I am getting increasingly interested in Natural Language Processing (NLP) these days. NLP can enable better human computer interfaces, powerful search engines, etc. One of the search startups in this area that I have been following is www.powerset.com which was recently acquired by Microsoft. A good source to learn about powerset and a rought technical overview is at http://www.slate.com/id/2193837/.

Powerset's NLP technology breaks a sentence into smaller entities (nouns, verbs, adjectives, etc.) and establishes relationships between them, e.g., "eiffel tower was built in 1889" gets recorded as "eiffel tower" (noun) "built" (verb) 1889 (noun). Each such relationship (called "fact") is recorded and comprises a single quantum of information derived from the web page. A search query is translated into a similar, but incomplete fact, e.g., "when was eiffel tower constructed?" would become "eiffel tower" (noun), "constructed" (verb), and "when/year/time/date" (noun/adjective). The search algorithm then matches the "factualized" query to the closest resembling fact and fills in the missing details (the year 1889 in this case).

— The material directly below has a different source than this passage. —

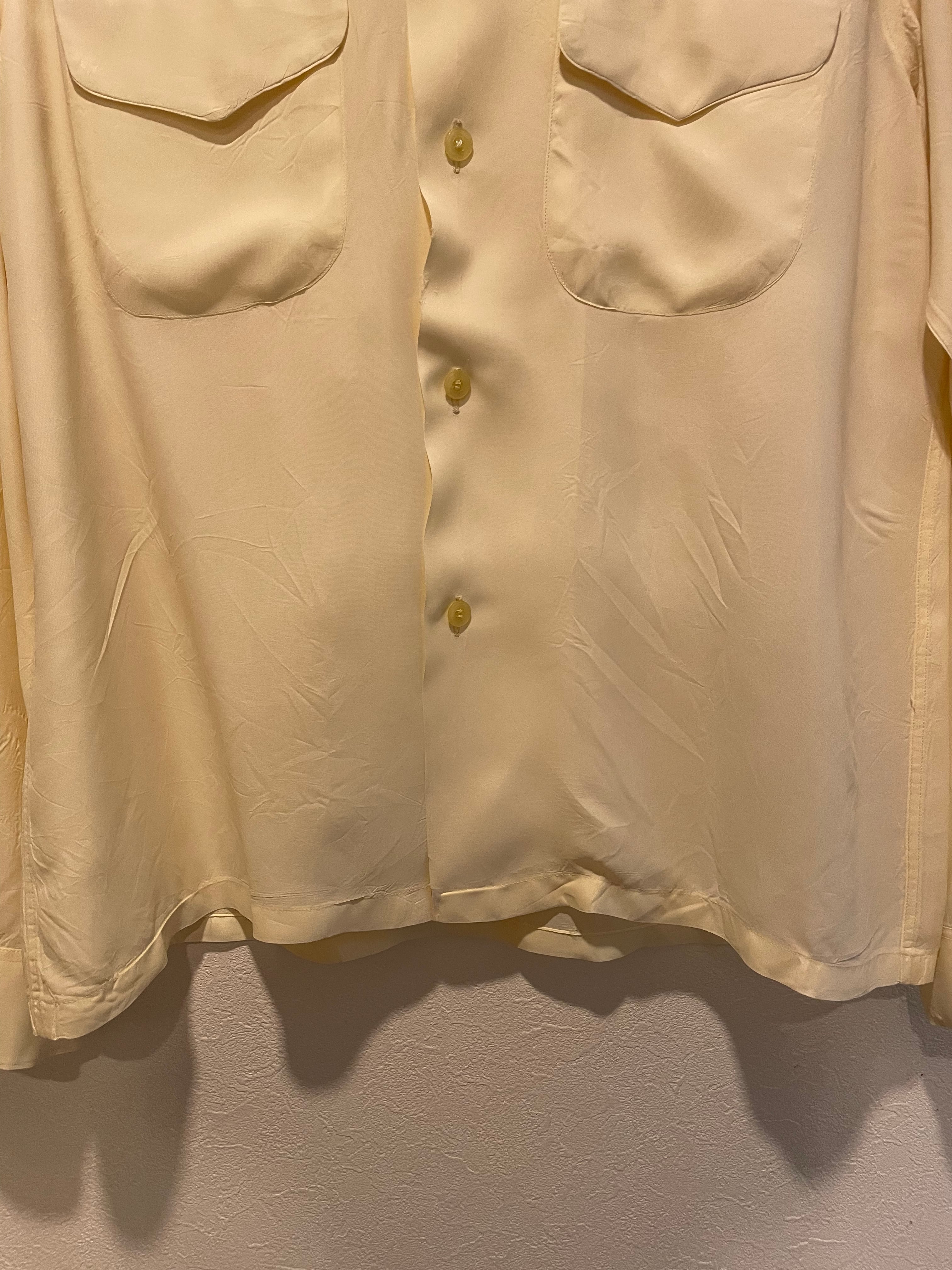 ■ 50年代 vintage Brewstar レーヨンシャツ 長袖 ロングスリーブ トップス アイボリー メンズ M 50s ビンテージ ヴィンテージ
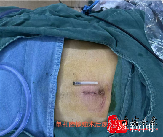 了解到老张的担忧后,赵柯副主任医师与王永副主任医师共同商议,为其量身定制了手术方案 —— 该院新开展的单孔腹腔镜疝修补术。相较于传统三孔腹腔镜手术,该术式仅需在脐下做一个约 2.5 厘米的微小切口,置入特殊多通道穿刺器即可完成全部操作,能在实现治疗目的的同时,最大程度减少手术创伤与疤痕形成。这一方案彻底打消了老张的疑虑,他欣然接受了手术,术后第二天便能下床活动,对治疗效果十分满意。

The cool thing about converting content and queries to facts is that the search engine can identify and return relationships not explicitly stated in the contents, unlike keyword based search. However, most popular content on the web is actually explicitly stated in a single sentence, so NLP seems less useful for searching popular content since Google search would already do a pretty good job here.

However, the real promise of NLP based search seems to be in the context of the "long tail" of search - which are frequently searches not explicity answered on any single web page. As the web continues to grow and many different kinds of contents come online (blogs, books, emails, etc.), the long tail of web search will continue to increase its share of the total search volume. Most of us have experienced that the unpopular searches often are not explicitly found in any single web page, instead they require the user to scan multiple web pages before they find what they want. Keyword based searching cannot make things any better here since the keywords may either be spread out across webpages or they may simply be absent (e.g., "dog" and "tommy" can be related if tommy is the name of a dog - a fact that keyword based search cannot discover). This is where NLP can really make a difference. It can identify facts from across web pages and save users valuable time spent scanning different web pages trying to forge an answer to their search queries.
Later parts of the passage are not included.